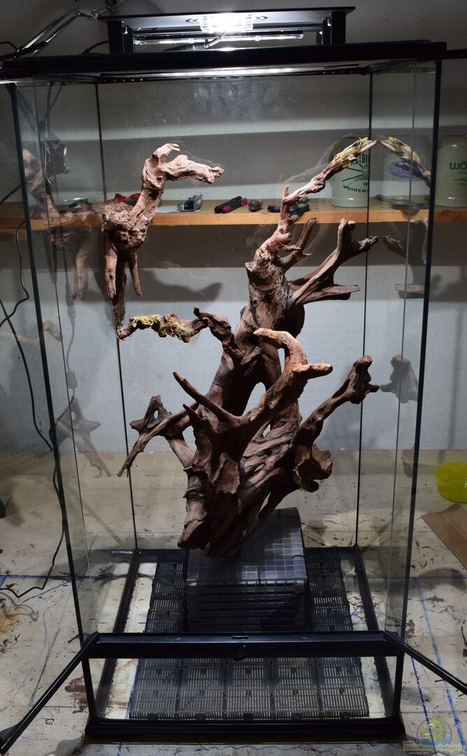 Das Grundgerüst besteht aus mit Aquariensilikon verbundenem Mangrovenholz. Diese grosse und auch schwere Wurzel steht, um ca. 8cm Höhe zu gewinnen, auf einem Podest aus mit Kabelbindern verbundenen Lichtstegplatten. Diese Podest wiederum steht aus Bodenfilterkunststoffplatten. Die Idee dahinter war, das Gewicht der schweren Wurzel, die ja noch schwerer wird, wenn sie sich mit Wasser vollsaugt, gleichmässig auf die Bodenplatte zu verteilen.
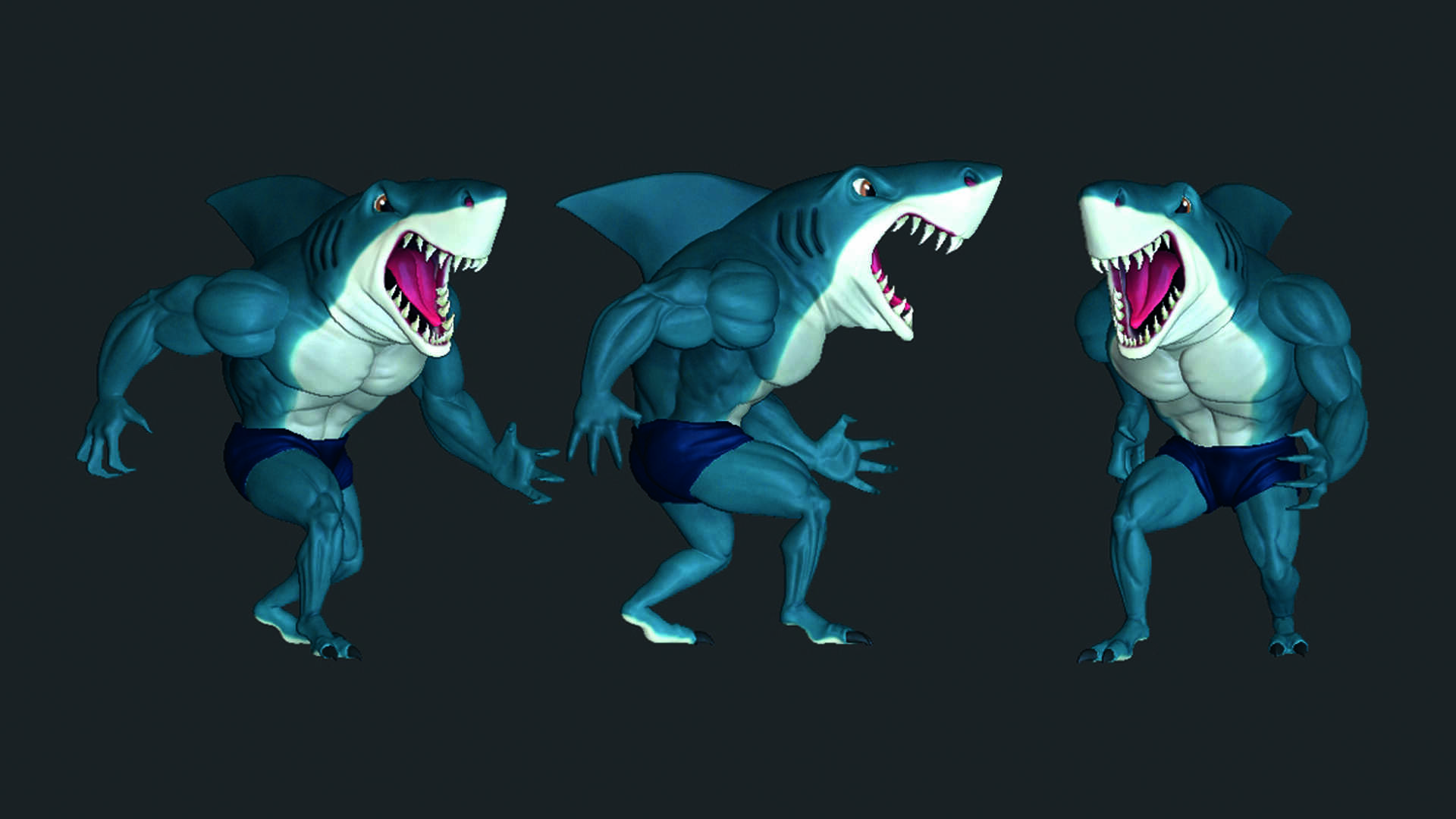 This is a job requested by my son. The briefing was: ‘Make a muscular, angry shark wearing shorts and sneakers.’ But i forgot the tennis
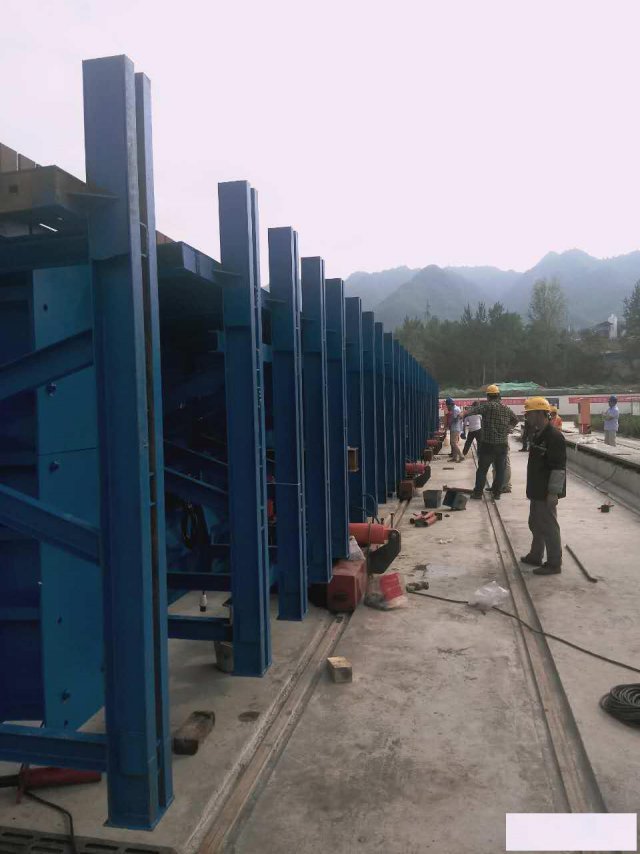 另一套需特制,即将一块8米长侧模分成两块4米长,并且将侧模在断面方向分为三块,并配有特制桁架。这套特制模版在满足打31.5米和23.5米高粱的同时,在重新调整安装后可满足打23.5米低梁和19.5米低梁。
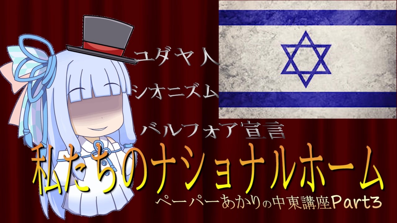 1.日本語歌詞付きBGMは使わないようにしました。<br>2.文字が見にくいという指摘があったので改善しました。<br>3.動画時間が30分と滅茶苦茶長くなってしまいました。<br>4.誤字脱字チェックが甘いですが許してください。<br><br>0.中東の語源→<span style="color: #006699; font-size: 14px;"><a href="https://www.nicovideo.jp/watch/sm35451681" class="watch">sm35451681</a></span><br>1.アラブ首長国連邦→<span style="color: #006699; font-size: 14px;"><a href="https://www.nicovideo.jp/watch/sm35490112" class="watch">sm35490112</a></span><br>2.サウジアラビア ハーシム家→<a href="https://www.nicovideo.jp/watch/sm35542960" class="watch">sm35542960</a><br>3.シオニズム バルフォア宣言→ここ<br>4(次回).大戦間のパレスチナ ヒトラー→10/30予定<br><br>ペーパーあかりの中東講座リスト→<a href="https://www.nicovideo.jp/series/50745?ref=my_series" target="_blank" rel="noopener nofollow">https://www.nicovideo.jp/series/50745?ref=my_series</a><br />今までの投稿物→<a href="https://www.nicovideo.jp/mylist/65441272" target="_blank" rel="noopener nofollow">https://www.nicovideo.jp/mylist/65441272</a><br>
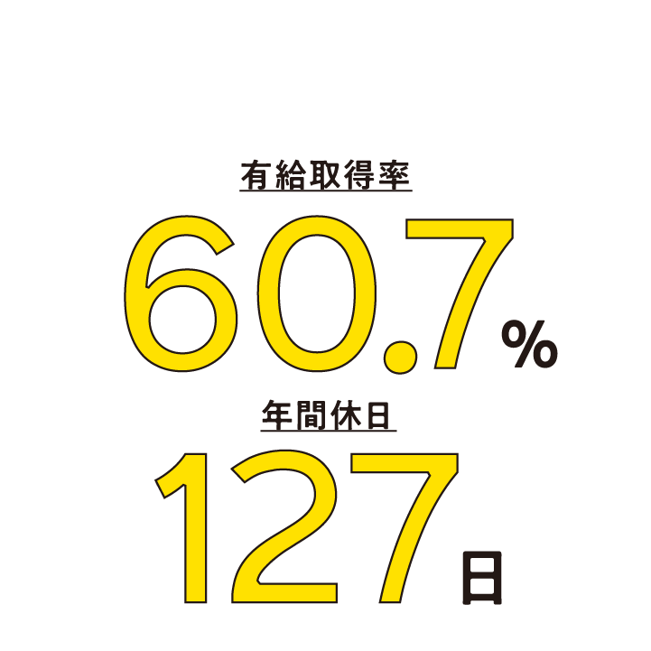「休日が少ない業界」から変身中!人手不足や天候により工程が左右されやすい建設業では、ICTやDXを活用した業務の効率化に取り組んでいます。生産性を維持しながら、週休2日の定着や有給休暇の取得率向上を目指しています。→厚生労働省「勤労条件総合調査」、厚生労働省「毎月勤労統計調査」

################

## WHAT THIS TASK INVOLVES:
In your answer, set down the full listing word for word and include no pictures.

## RESPONSE TO THE TASK:
 Das Grundgerüst besteht aus mit Aquariensilikon verbundenem Mangrovenholz. Diese grosse und auch schwere Wurzel steht, um ca. 8cm Höhe zu gewinnen, auf einem Podest aus mit Kabelbindern verbundenen Lichtstegplatten. Diese Podest wiederum steht aus Bodenfilterkunststoffplatten. Die Idee dahinter war, das Gewicht der schweren Wurzel, die ja noch schwerer wird, wenn sie sich mit Wasser vollsaugt, gleichmässig auf die Bodenplatte zu verteilen.
 This is a job requested by my son. The briefing was: ‘Make a muscular, angry shark wearing shorts and sneakers.’ But i forgot the tennis
 另一套需特制,即将一块8米长侧模分成两块4米长,并且将侧模在断面方向分为三块,并配有特制桁架。这套特制模版在满足打31.5米和23.5米高粱的同时,在重新调整安装后可满足打23.5米低梁和19.5米低梁。
 1.日本語歌詞付きBGMは使わないようにしました。<br>2.文字が見にくいという指摘があったので改善しました。<br>3.動画時間が30分と滅茶苦茶長くなってしまいました。<br>4.誤字脱字チェックが甘いですが許してください。<br><br>0.中東の語源→<span style="color: #006699; font-size: 14px;"><a href="https://www.nicovideo.jp/watch/sm35451681" class="watch">sm35451681</a></span><br>1.アラブ首長国連邦→<span style="color: #006699; font-size: 14px;"><a href="https://www.nicovideo.jp/watch/sm35490112" class="watch">sm35490112</a></span><br>2.サウジアラビア ハーシム家→<a href="https://www.nicovideo.jp/watch/sm35542960" class="watch">sm35542960</a><br>3.シオニズム バルフォア宣言→ここ<br>4(次回).大戦間のパレスチナ ヒトラー→10/30予定<br><br>ペーパーあかりの中東講座リスト→<a href="https://www.nicovideo.jp/series/50745?ref=my_series" target="_blank" rel="noopener nofollow">https://www.nicovideo.jp/series/50745?ref=my_series</a><br />今までの投稿物→<a href="https://www.nicovideo.jp/mylist/65441272" target="_blank" rel="noopener nofollow">https://www.nicovideo.jp/mylist/65441272</a><br>
「休日が少ない業界」から変身中!人手不足や天候により工程が左右されやすい建設業では、ICTやDXを活用した業務の効率化に取り組んでいます。生産性を維持しながら、週休2日の定着や有給休暇の取得率向上を目指しています。→厚生労働省「勤労条件総合調査」、厚生労働省「毎月勤労統計調査」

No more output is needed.